For a start, all the character models look like they’ve been carved out of granite with permanently clenched jaws and shoulders so broad, no average doorway could hope to accommodate them – Jesus, even Ken’s eyebrows look sturdy enough to pull a truck if he chose to actually change his facial expression. However, truly the best thing about Ashida’s approach to what is already greatly exaggerated material is how much the movie relishes stretching reality into the realms of utter bullshit with no explanation whatsoever just so the movie can be endlessly cool as fuck. For starters, there’s the whole people-exploding-with-a-single-punch thing which gives the animators plenty of opportunities to whip up endless examples of spectacular body horror as skulls, torsos and other fleshy parts detonate with all the ferocity of a Scanners movie. It may not exactly be high-brow, but it’s endlessly entertaining and the whole act of having someone get utterly nailed with a stiff right hand and then watching Ken nonchalantly walk away like a gunslinger while while his opponent talks trash blissfully unaware they’re about to burst like a fat guy’s shirt proves to be immensely satisfying even though the movie repeats it ad infinitum.

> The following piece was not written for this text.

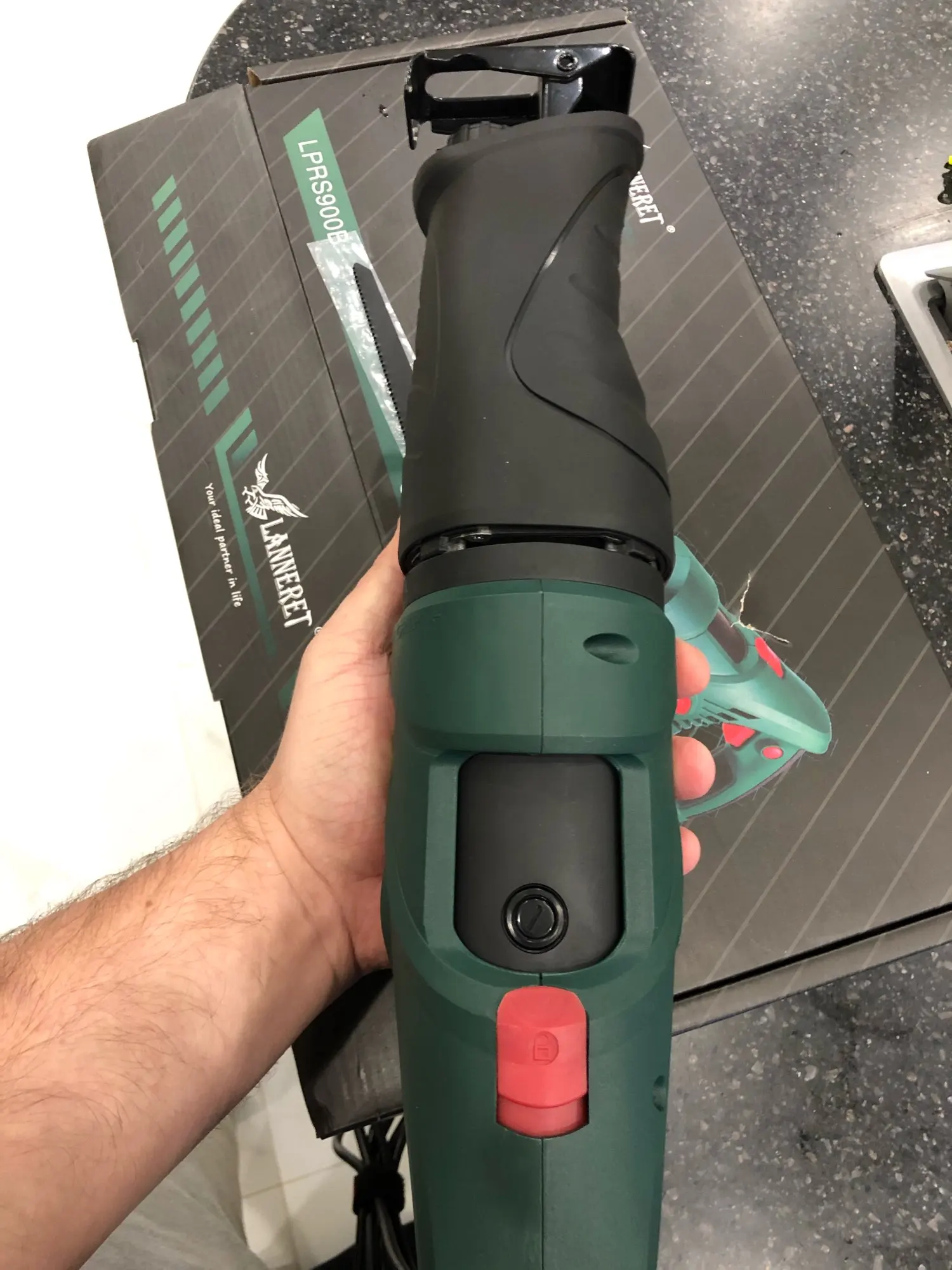 Хорошая пила. Доставка курьером IML до квартиры 4 дня гор. Волгоград. Комплектация полная как в описание. Работать пилой одно удовольствие. Вибрация минимальная не напрягает. Шнур питания около двух метров 1.8 м. Угол поворота пилы 90/90 градусов с фиксацией. Замена щëток очень удобно, без разбора корпуса по бокам пилы. Продавец предоставил скидку 2$ на следующий товар. Приятно. Рекомендую продавца и товар.

The film has rather an amusing lack of regard for continuity too, with various adversaries blantently changing sizes from shot to shot in order to ramp up the scale of the fights. It’s not unusual for some random thug suddenly shoot up from a healthy six foot five to an utterly ridiculous twenty meters and back again just to help create an awesome shot. It’s also unclear why some other people also have random superpowers as the dub I’m familiar with deems it a low priority to explain itself. Is the dude who can turn his skin to iron and the massive fat guy with the dough-like belly using some other form of funky martial art, or are they just mutants – the film decrees that it can’t possibly matter when there’s way more blood explosions to squeeze in.
Some might understandably find such grotesquely macho posturing obviously absurd – the women are literally nothing more than prizes to brawl for – and the film’s aggressive need to spray blood everywhere every four minutes feels somewhat immature when there’s barely any real characterization or plot to speak of. But the minimalist storytelling works hand in hand with the ultra-violence to create a fantasy film that almost veers into arthouse due to the weirdly abstract nature of the piece. Well, that and all the body-popping; and I’m not talking about the dance, either.
Ferocious, unrestrained by anything approaching reality and metal as fuck, Fist Of The North Star may have datedly a mite awkwardly here and there (a magnificently cheesey 80s rock ballad “Heart Of Madness” plays over a climactic fight like the worst kind of Rocky montage) and yet those who grew up with this level of insanity during their formative years will no doubt recalls Ken’s screechy lightning punches with a big smile on their faces.

It’s big, it’s ridiculous and it stick a muscular middle finger up and anything even resembling rudimentary physics or biology – but isn’t that the whole reason we love anime in the first place? Punch. Crunch. Splat. End scene.